= 1942 All-Pacific Coast football team =

American all-star college football team

The 1942 All-Pacific Coast football team consisted of American football players chosen by various organizations for All-Pacific Coast teams for the 1942 college football season. The organizations selecting teams in 1942 included the Associated Press (AP) and the United Press (UP).

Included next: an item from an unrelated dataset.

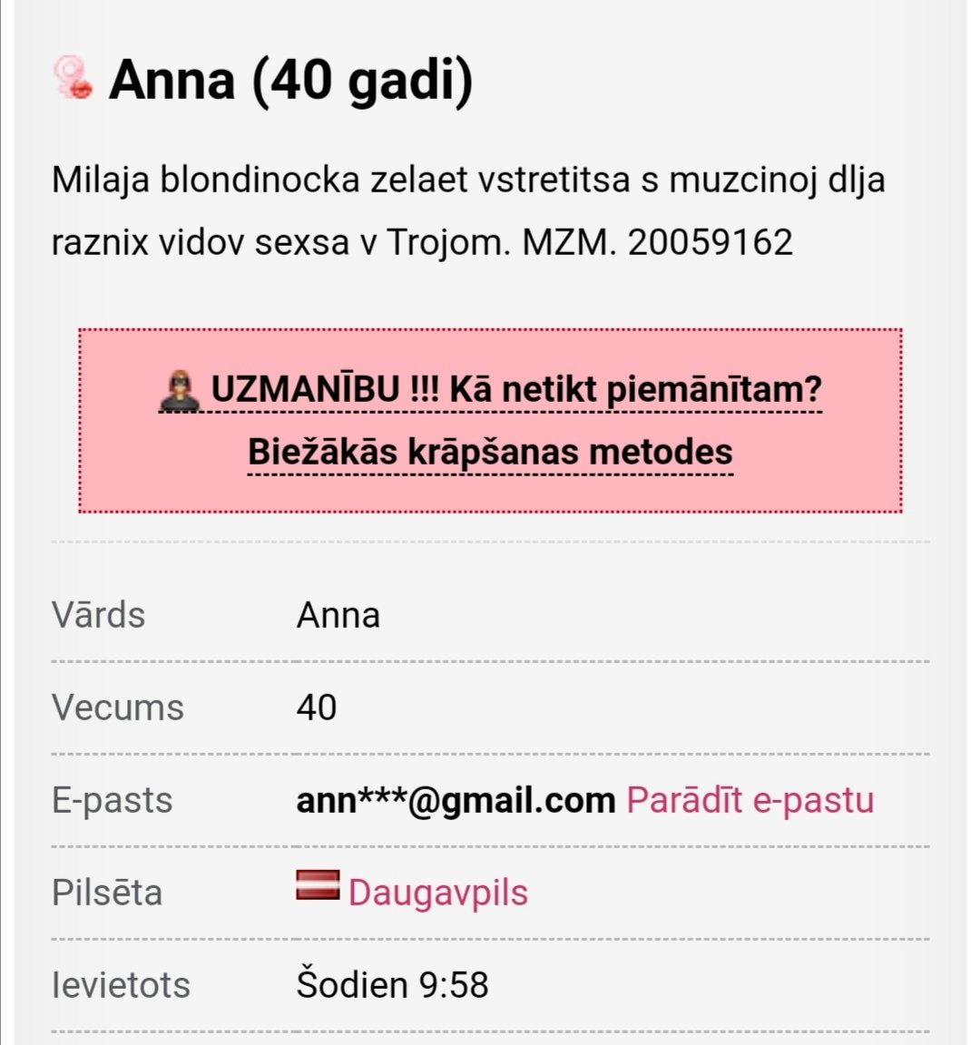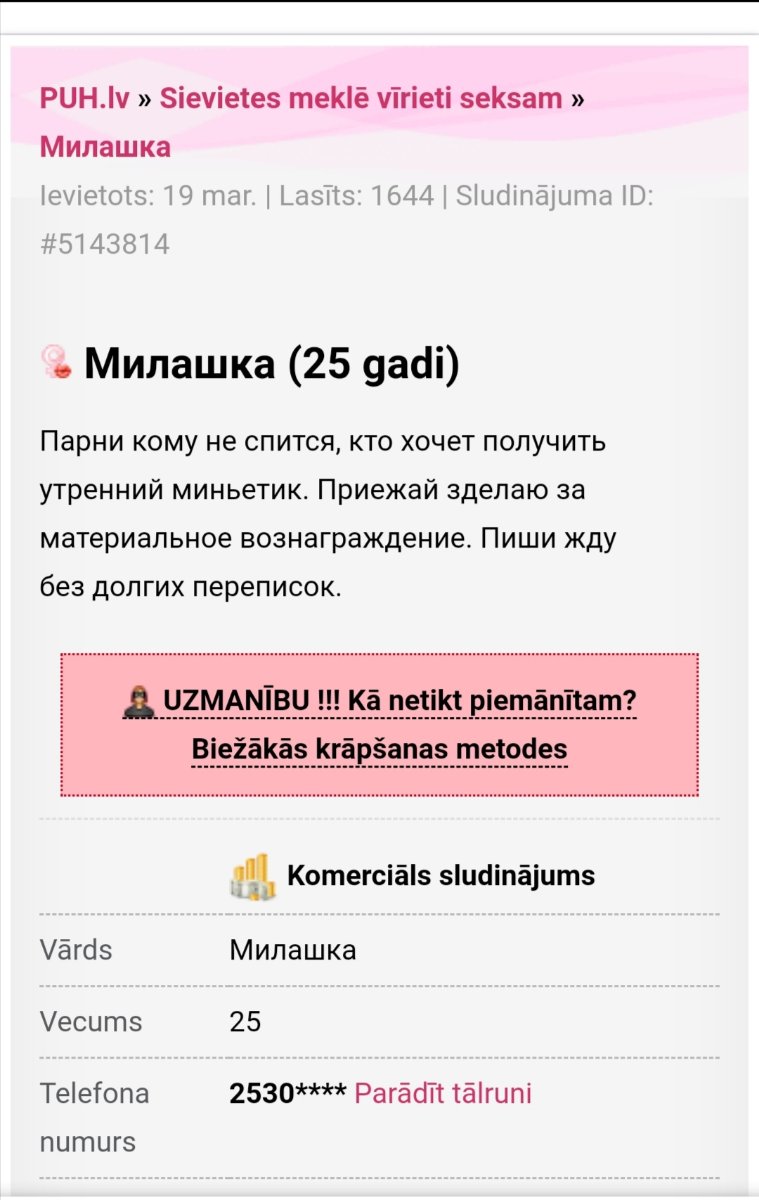 Mixaqu 1 Ierakstīts 2021. gada 21. janvāris Daugavpils 2021 Ierakstīts 2021. gada 21. janvāris pirms 2 stundām, Mochart teica: Кто такая, чем знаменита? 27342226 (29 years) 2734**** Show phone number Секса любивая девушка, желает встретитса с обеспечиним мущиный. Местечко йесть! Поедлогаю-(сексик+минетик-40-1часик) Фото не висылаю! " https://puh.lv/en/cat-girls-looking-for-sex/ad-27342226-seksa-lyubi/5012194.html Тоже интересует. pirms 18 stundām, znakq teica: С Izabella с пух, реально или это парень? Смс пишет, а звонки ни в какую... Номер можно? Link to post
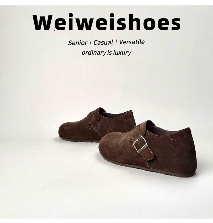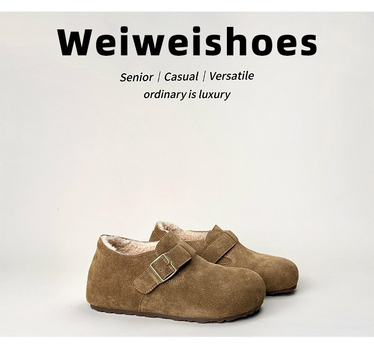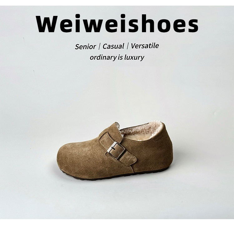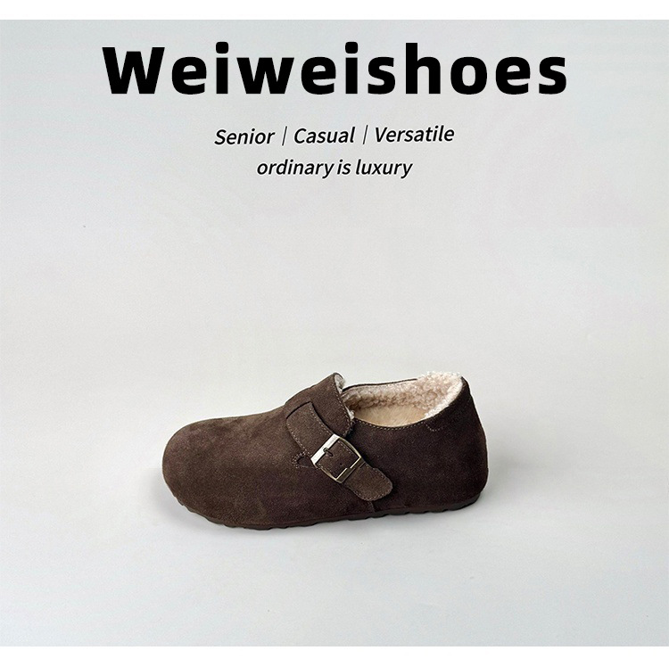 威威女郎 2852-12加绒勃肯鞋女冬季厚底复古内增高毛绒保暖毛毛鞋

UCLA, Washington State, Stanford and USC finished first through fourth, respectively, in the Pacific Coast Conference (PCC), and each of those teams placed two players named on the first teams selected by either the AP or UP. Conference champion UCLA was ranked No. 13 in the final AP poll and was represented by quarterback Bob Waterfield (AP, UP) and guard Jack Lescoulie (AP, UP). Stanford was ranked No. 12 in the final AP poll and was represented by guard Chuck Taylor (AP, UP), a College Football Hall of Fame inductee, and tackle Ed Stamm (AP, UP).

Three players from teams outside the PCC received first-team honors from the AP: halfback Jesse Freitas and end Alyn Beals from the Santa Clara Broncos and tackle John Sanchez from the San Francisco Dons.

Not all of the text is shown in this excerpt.